Gigabyte P35-DS3: does not stay suspended with default "ug" wake-on-lan setting

Bug #1450396 reported by Jan Rathmann on 2015-04-30
24
This bug affects 3 people
Affects Status Importance Assigned to Milestone
Linux
Unknown
Unknown
linux (Ubuntu)
Medium
Unassigned
systemd (Ubuntu)
Medium
Unassigned

Bug Description

=== Update: This bug was reported from BIOS version F13 of my board, in the meantime I upgraded to the most recent version F14, but this had no impact on the bug. ===

Hello,

using Suspend-to-RAM on my system has stopped working reliably on Vivid when booting with Systemd.

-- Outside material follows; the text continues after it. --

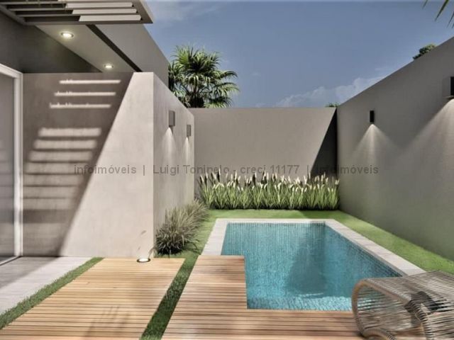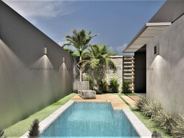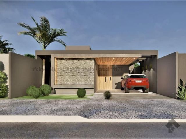 Casa térrea com excelente aproveitamento do terreno, projeto moderno, possui sala, cozinha integrados, 1 suíte e 2 quartos, banheiro social, garagem.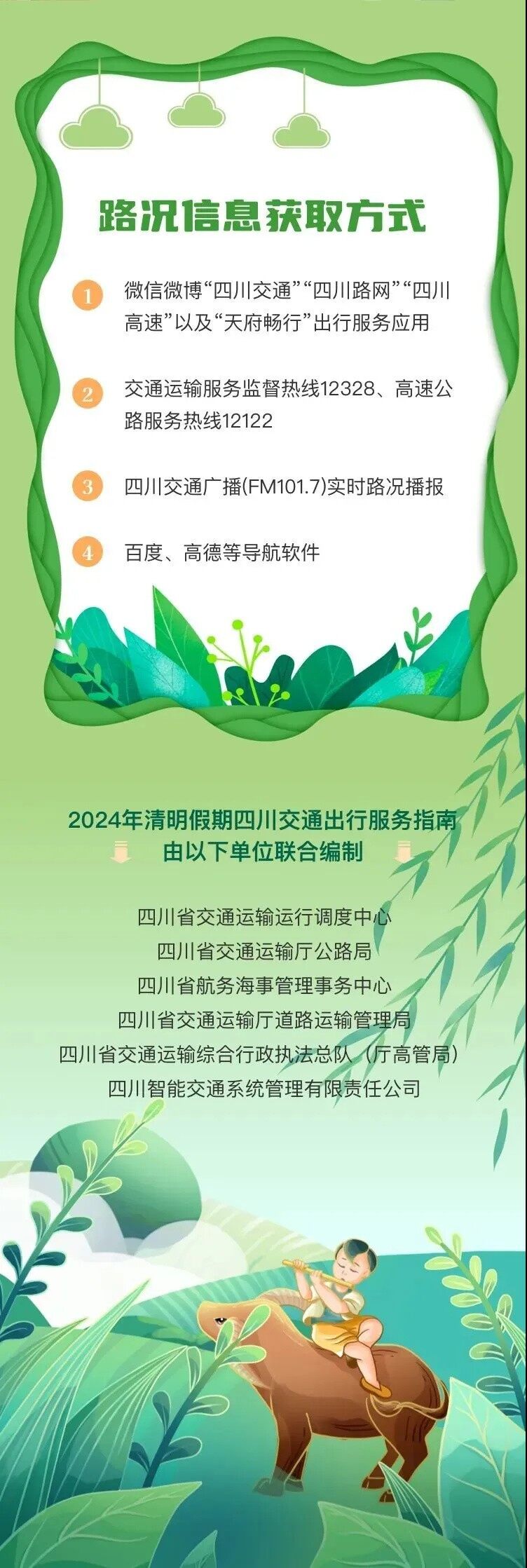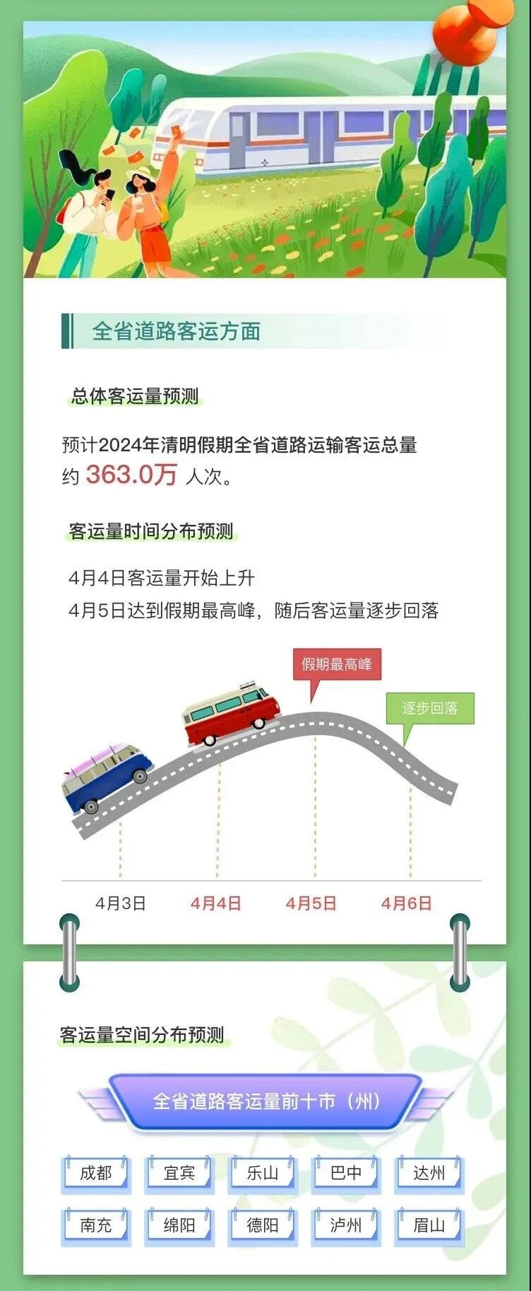 清明假期四川省公路水路交通运输总体综合态势呈现4个特点:一是公众出行热情高涨,同比去年增长明显;二是路网流量首日高峰,公水客运首尾偏低;三是近郊短途出游为主,赏花踏青热度攀升;四是盆地大部阴天为主,假期后段晴间多云。

When I try to suspend my PC the following happens:

- PC turns off
- PC unwantedly wakes up (turns on) by itself again. This time span until it turns on again can reach from a second (almost immediately) until two or three minutes.
- In a few cases (<25%), the PC stays suspended properly.

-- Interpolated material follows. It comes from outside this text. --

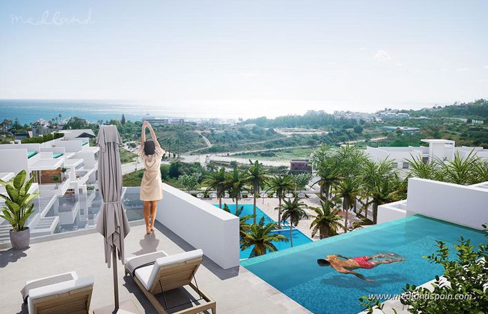 New complex in the popular residential area of Arroyo de Enmedio, close to Estepona. The complex is only five minutes from Estepona’s historic centre and three minutes from its marina. The area is ideally connected by motorway to other major cities, like Marbella which is only 20 minutes away. There is a large selection of daily amenities available likes supermarkets, shops, petrol stations, pharmacies, as well as the Estepona High Resolution Hospital. An area with all the conveniences of a city, and an idyllic environment with numerous beaches.Apartments with 2 and 3 bedrooms, in different models: ground floor apartments with a garden; and penthouse apartments with private solarium. The apartments offer the perfect combination of comfort and quality. A key feature of Mediterranean design are the large terraces, allowing for maximum light, with the combination of pergolas to provide shade. Depending on the orientation of the apartment, the terraces enjoy beautiful views of the Mediterranean, or views of the surrounding mountains. The interior design of the apartments is bright and spacious.The community areas are designed with beautiful gardens, a large swimming pool for adults and children, a gym, and a Spa.The apartments have fully equipped kitchens with white goods, as well as a parking space and storage room.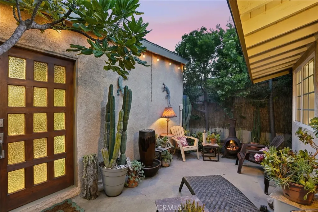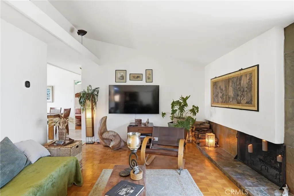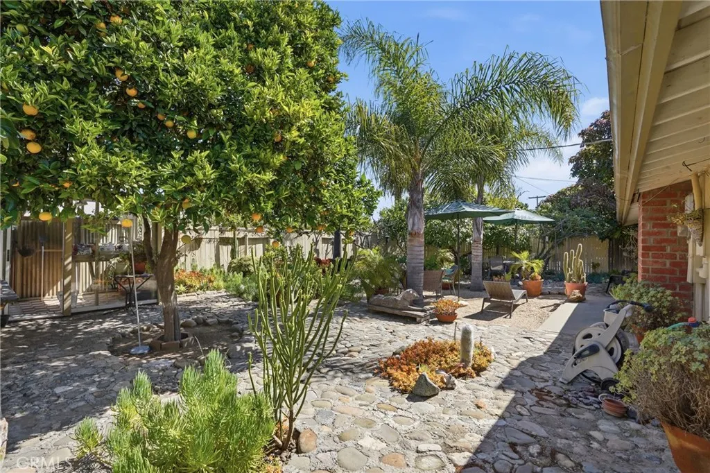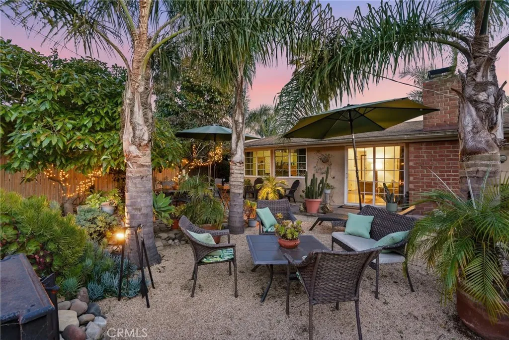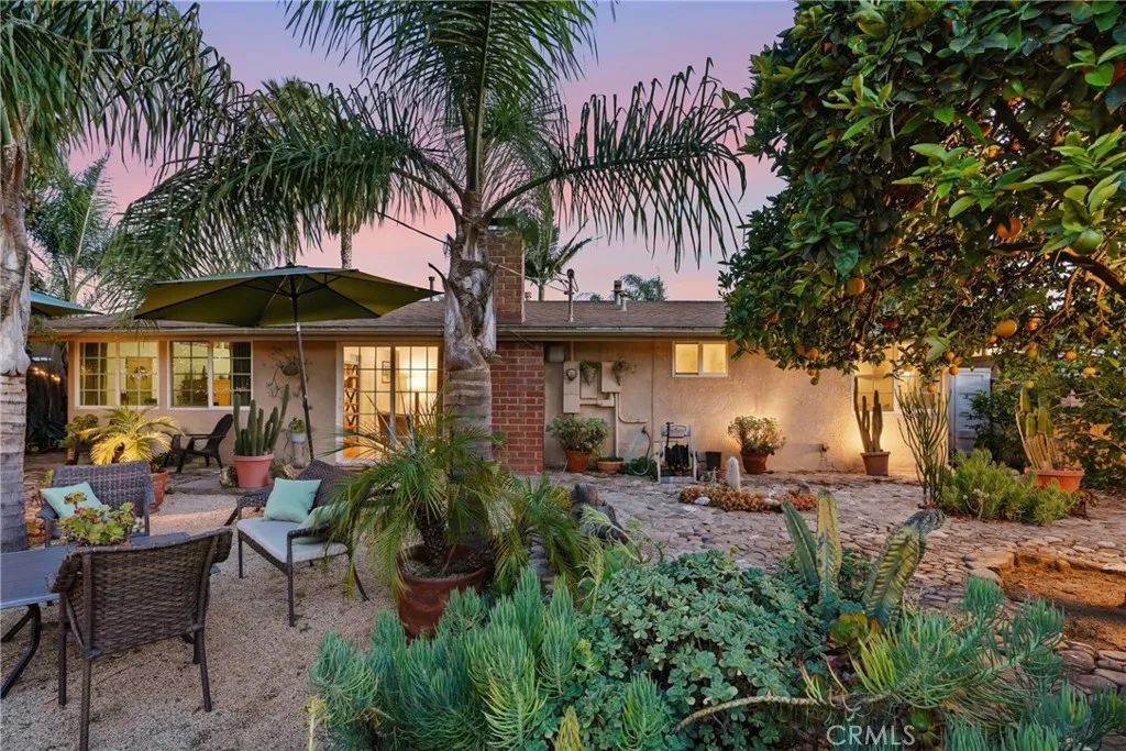 Step into this inviting single-level 3-bedroom, 2-bath home, where a distinct Palm Springsinspired 1960s aesthetic meets classic midcentury modern design. Clean lines, an open layout, defines the main living spaces, creating an airy, light-filled atmosphere. At the heart of the home, a sleek, understated fireplace anchors the living room with a striking architectural focal point. Sliding glass doors extend the living space outdoors, opening to a backyard and patio designed for effortless indoor-outdoor living, whether relaxing quietly or entertaining guests. The bright kitchen blends style and function with granite countertops, while travertine flooring adds texture and character through the kitchen, dining area, hallway, and one bathroom. Parquet flooring flows through the main living areas and bedrooms, bringing warmth and timeless midcentury appeal. The sunny dining area continues the homes seamless connection to the outdoors, while the backyard offers a peaceful retreat with mature fruit trees, including a vibrant orange tree, avocado, peach, fig, to name a few, and a charming potting shed perfect for gardening or creative use. A detached two-car garage is complemented by a connecting patio, adding both convenience and another welcoming space to gather. Set in a desirable neighborhood with sidewalks and close to shopping, dining, schools, and everyday amenities, this home offers a rare opportunity to enjoy classic midcentury character while making it your own. Showing start 4/29th.

A way to workaround this problem is to boot my PC with Upstart instead of Systemd, then this problem never happens (and has never happened in any of the previous Ubuntu versions since 2008). Thus it seems to be a bug somehow related to Systemd.

Other steps I have tried to solve the problem (without any success):

- Checking BIOS settings, all options are set that way that the PC should never wake up by any event other than pressing the power button.
- Checking by running "cat /proc/acpi/wakeup | grep enabled" if any device could cause wake up events. This lists my USB controller, but deactivating it (with commands like "echo USB0 > /proc/acpi/wakeup") had no success on the problem. Also suspend while running Upstart works fine despite the USB controller listed as "enabled".

In the system logs I could see no hint what causes the undesired wake-ups.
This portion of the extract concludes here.